• [Description of the task]: Copy each record exactly and skip its pictures.

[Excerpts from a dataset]
= = = =

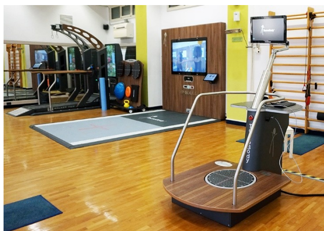
Sala di riabilitazione

Offriamo inoltre la possibilità di effettuare direttamente presso il nostro centro visite specialistiche private nei seguenti campi:
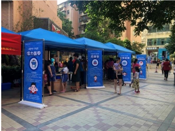
9月18日，渔民社区居民参与体验活动

9月，和粤公益和壹基金共同申报的壹基金儿童平安训练营项目在第四届鹏城慈善奖评选活动中评为“鹏城慈善典范项目”，本次获奖也是政府和公众对儿童平安训练营的肯定和认可。
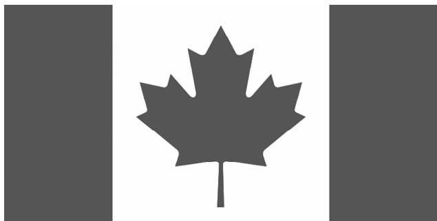
图 1-11 加拿大国旗

加拿大国旗为枫叶旗(见图 1-11)。国旗由红白两色组成。中间的白色正方形代表加拿大广阔无垠的国土,红色枫叶象征生活在加拿大富饶国土上辛勤努力的人民,两侧红色竖长方形分别代表与加拿大相邻的大西洋及太平洋。
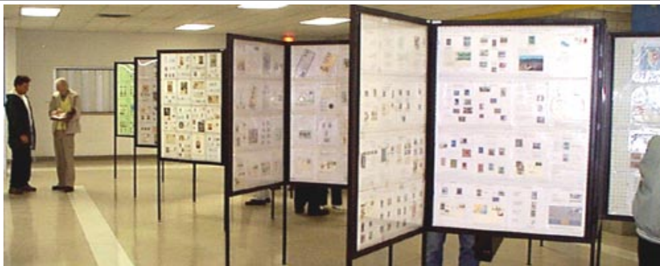
Vue d'ensemble des quelques 600 pages de timbres

= = = =

• [The answer]:
Sala di riabilitazione

Offriamo inoltre la possibilità di effettuare direttamente presso il nostro centro visite specialistiche private nei seguenti campi:
9月18日，渔民社区居民参与体验活动

9月，和粤公益和壹基金共同申报的壹基金儿童平安训练营项目在第四届鹏城慈善奖评选活动中评为“鹏城慈善典范项目”，本次获奖也是政府和公众对儿童平安训练营的肯定和认可。
图 1-11 加拿大国旗

加拿大国旗为枫叶旗(见图 1-11)。国旗由红白两色组成。中间的白色正方形代表加拿大广阔无垠的国土,红色枫叶象征生活在加拿大富饶国土上辛勤努力的人民,两侧红色竖长方形分别代表与加拿大相邻的大西洋及太平洋。
Vue d'ensemble des quelques 600 pages de timbres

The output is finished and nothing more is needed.